On Saturdays my wife and I take her 82 year old Mother grocery shopping. I cautiously step out on our back porch to check for ice. Yipeeeee yahooooo no ice!!!!!!!! I reach the driveway where all I see is water, life is good. Wrong!!!!! Ice under the water, Son Of A B####!!!!!!!! My left leg tried to go to the neighbors and the rest of me stayed lying in a icy water puddle. OUCH!!!!! Not good when you are in your sixties )-: doesn't seem to be as bad as I first thought, just really sore.


----------



## M.J (Nov 1, 2010)

Be careful out there!


----------



## treefork (Feb 1, 2010)

M.J said:


> Be careful out there!


Now you warn him ???

But seriously. Get well soon Tom. Hope you recover fast.


----------



## Tag (Jun 11, 2014)

Lol


----------



## JonM (Aug 17, 2013)

I know hind sight is 20/20, but you night want to look into kahtoola micro spikes. Hope your ham string's ok you old [email protected] :wave:


----------



## Oldbattleaxe (Jun 5, 2014)

Tag, come to The Rio Grand Valley of Texas. Make a perminant move or be a winter Texan like so many of your fellows. A few years ago we had two freezes in one year but mostly we get just one or fewer freezes over our very short winter. The birding is world class, there's hunting, fishing, golfing and festivals of every kind. And don't get me started on the food! Mexican, Southern, and a wide variety of others.


----------



## Nobodo (Nov 5, 2014)

Tag,

I share your dislike for ice on walking areas.
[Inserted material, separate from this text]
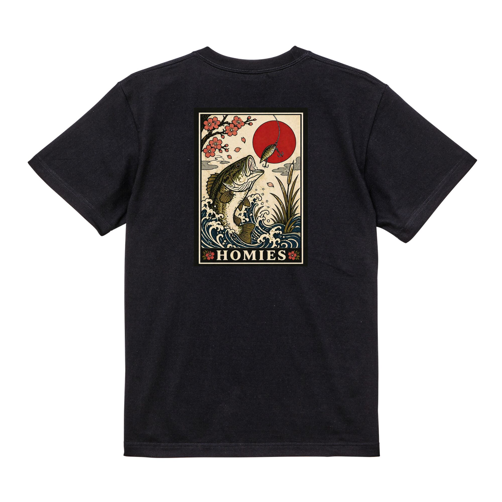HOMIES(ホーミーズ)- #7 BASSHUDA 桜×日の丸×ブラックバス 5.6oz T-SHIRT 花札 和 桜 ユニセックス

I have lived most of my life in southern areas where there is maybe 1 snow or ice event during the entire winter.

When a job opportunity meant a move to South Dakota, I was hesitant because of the cold weather. I did end up meeting my lovely wife there, and we still own a ranch just south of the North Dakota border that we enjoy visiting when we can.
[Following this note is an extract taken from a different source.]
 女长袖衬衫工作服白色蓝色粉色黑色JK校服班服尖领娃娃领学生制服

But not in winter, unless it's to go deer or pheasant hunting. Now visits to the ranch are mostly in spring and summer, to enjoy the isolation and grumble about the fence repairs needed because of snowpack damage over winter.

We currently live in Colorado, near Denver but about 1500 feet in elevation higher. The winters are nothing like the South Dakota winters, but unlike those winters where the snow falls and stays all winter long, here we encounter a snow fall that largely melts the next day and results in a nasty layer of ice if more snow comes before it all completely melts. Definitely less severe, but in a way nastier because of the ice that you didn't usually see in South Dakota. The best way I know to battle it is to clear the driveway and street in front of our house of snow after every even very tiny snowfall, so the path is clear and dry before it snows again and packs with ice. Not a perfect solution, but the best I've found...

Now when I read the newspapers from southern New Mexico where I grew up, it is so funny to read the stories about winter.

Here's the big weather event of the winter; my gosh it is 1.7 inches of snow, and that unheard of kind of weather has resulted in road and business closures and will no doubt be talked about next summer:

http://www.currentargus.com/carlsbad-news/ci_27236204/final-storm-year-covers-area-snow


----------



## Tag (Jun 11, 2014)

That's the bad part JonM, I have two pair of ice cleats, one with spikes and the other with springs. I should have read the instructions, must put on bottom of shoes(-: it's kind of like putting your motorcycle helmet on the luggage rack(-: ( just kidding MJ) I wonder why it is when a person falls we look around to see if anyone seen us. Lol!!!!! Sounds good Oldbattleaxe, except for one thing, my 10 month of niece. I couldn't leave her, her Mom says I'm an ole softy and I spoil my niece. (-: Glad you are back on the Forum, was concerned why we didn't hear from you. This getting older is not for faint of heart, so as long as I'm able I will continue to laugh at myself.


----------



## Nobodo (Nov 5, 2014)

Tag said:


> I wonder why it is when a person falls we look around to see if anyone seen us.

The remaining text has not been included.